Wróciłem do kuchni żeby się czegoś napić, i chciałem już wsiąść łyka wody gdy, poczułem ciepłe dłonie otulające mnie w pasie.
- Widzę że wstałeś- Powiedziałem i się do niego odwróciłem.
- Przepraszam Neteyam- powiedział kładąc głowę na moim ramieniu.
- Za co?
- Nie spędziłem z tobą tyle czasu ile chciałem. Zająłem się drinkami i moimi znajomymi.

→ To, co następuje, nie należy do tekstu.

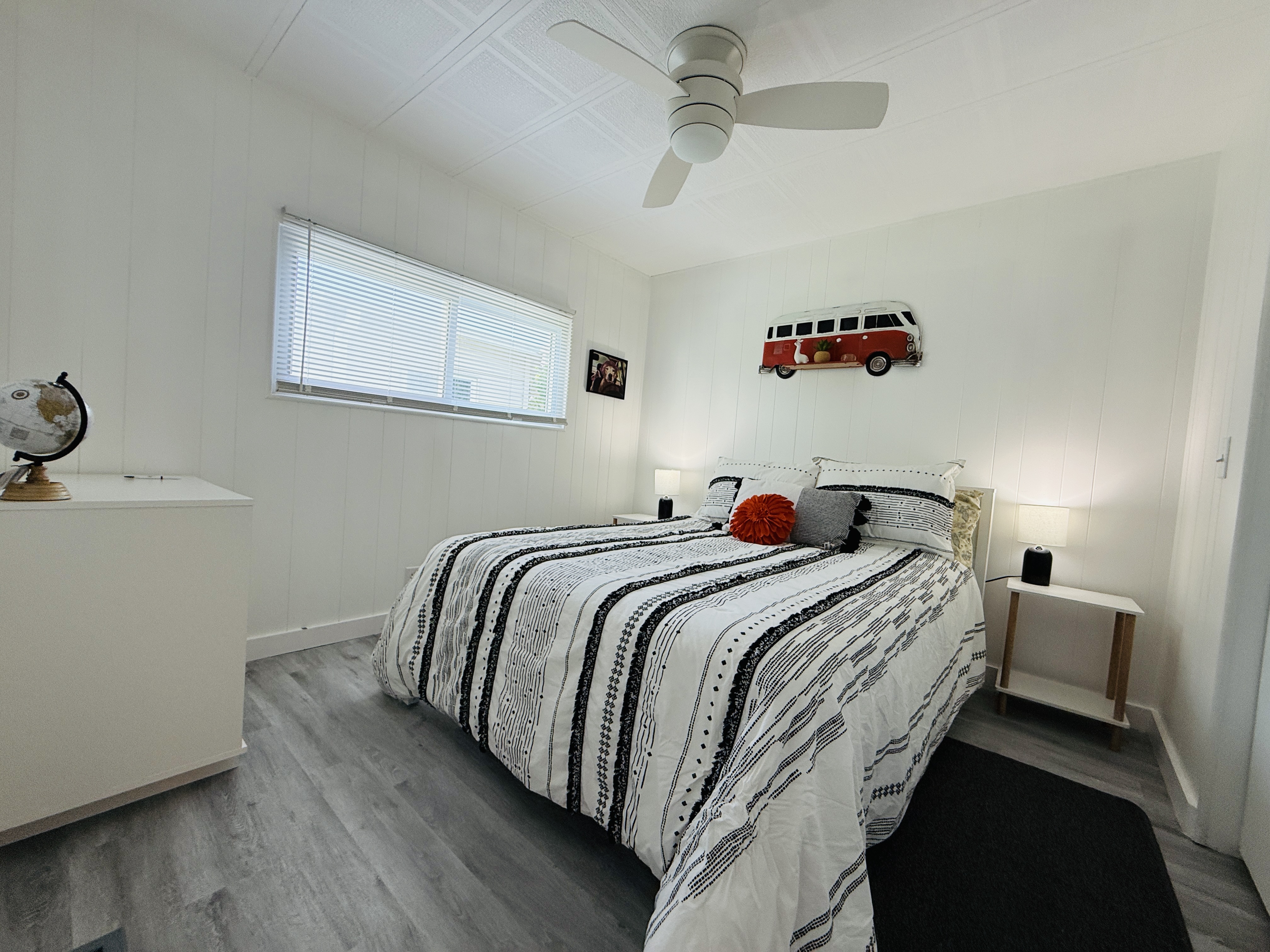 Aluminum Siding; Carport; Ceiling Fan(s); Central A/C; Community Clubhouse; Community Pool; Covered Porch; Dishwasher; Dryer; Enclosed Porch; Florida Room; Garbage Disposal; Gated Community; Hot Water Heater; Microwave; Non-Smoking Owner; Parking - 2 Car; Pet Friendly under 45 lbs; Oven/Range; Refrigerator; Roof Over; Rubber Roof; Shed; Smoke Detectors; Stainless Steel Appliances; Tub/Shower Combo; Vinyl Plank Flooring; Walk-In Closet(s); Walk-In Shower; Washer; Window Treatments;

Widziałem że czujesz się niekomfortowo w ich towarzystwie i cię nie brałem, a gdy już trochę się upiłem, całkiem zapomniałem.- Powiedział przyciągając mnie jeszcze bliżej.
- Nic się nie stało, ważne że dobrze się bawiłeś- powiedziałem i pogładziłem go po plecach.

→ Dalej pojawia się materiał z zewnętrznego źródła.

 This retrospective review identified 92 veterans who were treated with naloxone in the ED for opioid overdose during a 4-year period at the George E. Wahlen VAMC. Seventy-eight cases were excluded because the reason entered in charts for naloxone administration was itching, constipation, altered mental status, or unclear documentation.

W pewnym momencie posadził mnie na blacie za mną i złożył na moich ustach krótki pocałunek.
- Na prawdę przepraszam...- powiedział, a ja jedynie znów go pocałowałem. Jego ręka spoczęła na moim udzie delikatnie po nim sunąc i lekko zahaczając o moją przepaskę.

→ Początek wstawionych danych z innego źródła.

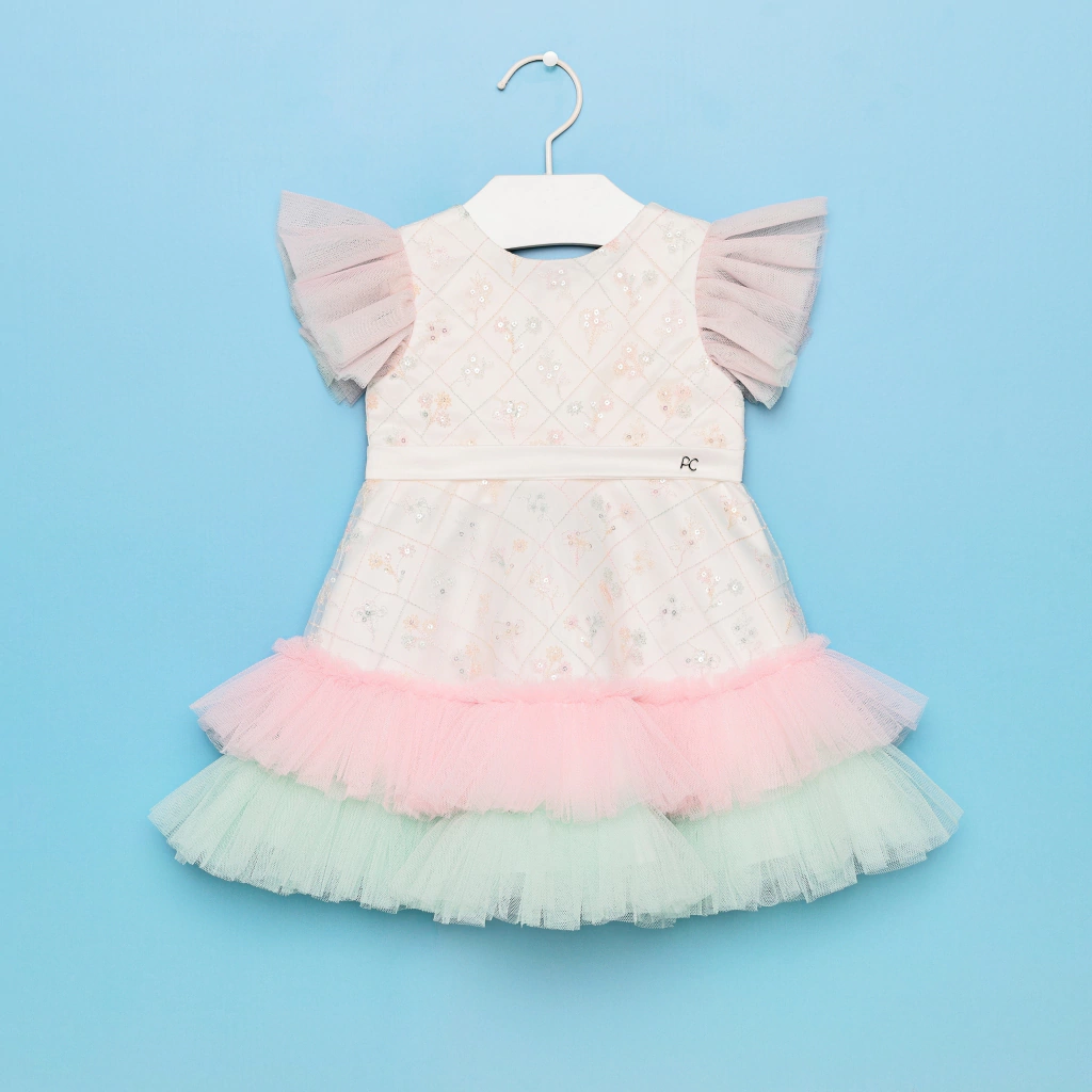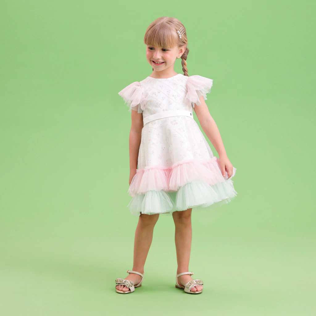 As mangas curtas com babadinho de tule colorido e a gola com decote redondo adicionam charme. A saia apresenta uma linda sobreposição de tule e um barrado de babadinho colorido.

- Pamiętaj że nasi rodzice jutro wracają a ja chce ustać na nogach- powiedziałem pomiędzy pocałunkami. On jedynie wywrócił oczami i pogłębił pocałunek.
- ale i tak cię gdzieś dzisiaj zabiorę. - powiedział gdy oderwaliśmy się od siebie.
- yhmmm
- Przyjdź później na plażę- powiedział - Trochę nam zajmie dotarcie tam.
- ciekawe- powiedziałem po czym złożyłem krótki pocałunek na jego ustach i poszedłem obudzić Lo'aka.
----
Zbliżało się południe i szedłem właśnie na plażę. Uznaliśmy że skoro mamy długo płynąć to wypłyniemy w południe i najwyżej zostaniemy tam na noc.
- Aonung- Krzyknąłem do chłopaka aby zwrócić jego uwagę.
Gdy do niego podszedłem złożył delikatny pocałunek na moich ustach na co się uśmiechnąłem.
- Zdradzisz mi gdzie płyniemy??- zapytałem wchodząc za nim do wody.
- jakaś godzinę z tand jest pewne miejsce do którego cię zabieram. - powiedział i wsiadł na swojego ilu. Nie odpowiedziałem nic, tylko wsiadłem na ilu.
Płynęliśmy dość długo. Byliśmy na już na obrzeżach rafy gdy Aonung i ja wynurzyliśmy się na chwilę.
- Daleko jeszcze? - zapytałem
- Nie, musimy jedynie przepłynąć pod skałami. Trzymaj się blisko. - powiedział po czym zaczął płynąć w głąb skał a ja za nim. Aonung postanowił złapać mnie za rękę aby mieć pewność że nic mi się nie stanie.
Gdy przepłyneliśmy przez skały i się wynurzyliśmy, moim oczom ukazały się źródła, pełne gorącej wody. Były na prawdę przepiękne. Turkusowe kręgi z parującą wodą układał się w stopnie tworząc niesamowity widok. Odebrało mi mowę. Aonung jedynie patrzył na mnie z uśmiechem.
- podoba ci się?- zapytał gdy dopływaliśmy do tych źródeł.
- Jest pięknie- odpowiedziałem.
Słońce już chowało się za horyzontem a my zmierzaliśmy do najbardziej oddalonego źródła. W innych źródłach jeszcze byli inni członkowie klanu Metikayna. Źródło do którego zmierzaliśmy nie było jakoś bardzo duże, było wręcz idealne dla nas.
Bardzo z niego parowało, mogło by się wydawać że bardziej niż z reszty. Gdy weszliśmy źródła, Aonung złożył na moich ustach pocałunek i posadził mnie na swoich kolanach. Zacząłem pogłębiać nasz pocałunek i jeździć dłońmi po jego ciele...
W pewnym momencie Aonung obrócił mnie tak abym to ja teraz siedział na kamieniu otaczającym źródło, a on nade mną górował. Spojrzał na mnie z tym swoich charakterystycznym uśmiechem. Załączyłem ponownie nasze usta i zatopiłem swoją rękę w jego włosach.